# Is Sunday hunting less crowded



## matt (Sep 18, 2017)

This is my first season going after pheasant and hunting in general. I just took place in the madness of opening morning around the Utah lake area on public land. Crazy to say the least, and slightly concerning regarding gun handling, lack of proper spacing and some very aggressive/ conflict orientated hunters who were looking for problems. 

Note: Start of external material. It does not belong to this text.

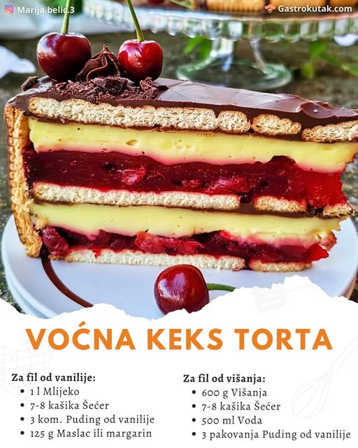 Brza voćna keks torta je savršen desert za sve koji vole jednostavne, a ukusne poslastice. Ovaj recept bez pečenja spaja hrskavi petit keks s bogatim filovima od višanja i vanilije, a prelivena je toplom čokoladom koja dodaje poseban šarm. Idealna je za ljetne dane kada ne želite provoditi puno vremena u kuhinji.

This leads me to my question, is hunting on Sunday significantly less busy? 
I don?t want to be apart of that again any time soon. 

Thanks


----------



## stillhunterman (Feb 15, 2009)

Matt,

I'm really sorry you has such a fretful hunt, a real shame. This type of thing occurs across the board in all hunting, from big game to small game, to waterfowl and even fishing. It really sucks, but a part of life and the outdoor world now it seems. Yeah, Sunday is less of a cluster, as is the middle of the week. Good luck, hang in there and hopefully in short order you will pick up on how and when to deal or not deal with the bad side of human nature...trust me, it's worth the effort.


----------



## Fowlmouth (Oct 4, 2008)

Drove up Carr Fork, saw 100 vehicles at 7:00 so I headed further South to Fitzgerald where there was another 100. Guys walking in the dark with headlamps bumping birds, guys walking all directions, guys wearing camo clothing, guys shooting in all directions. No thanks, I'm done with that mess.


----------



## Critter (Mar 20, 2010)

I haven't gone pheasant hunting on the opening since 1972 when I got peppered in the back with some #6 shot. It was a good thing that I was wearing a old M65 field jacket. 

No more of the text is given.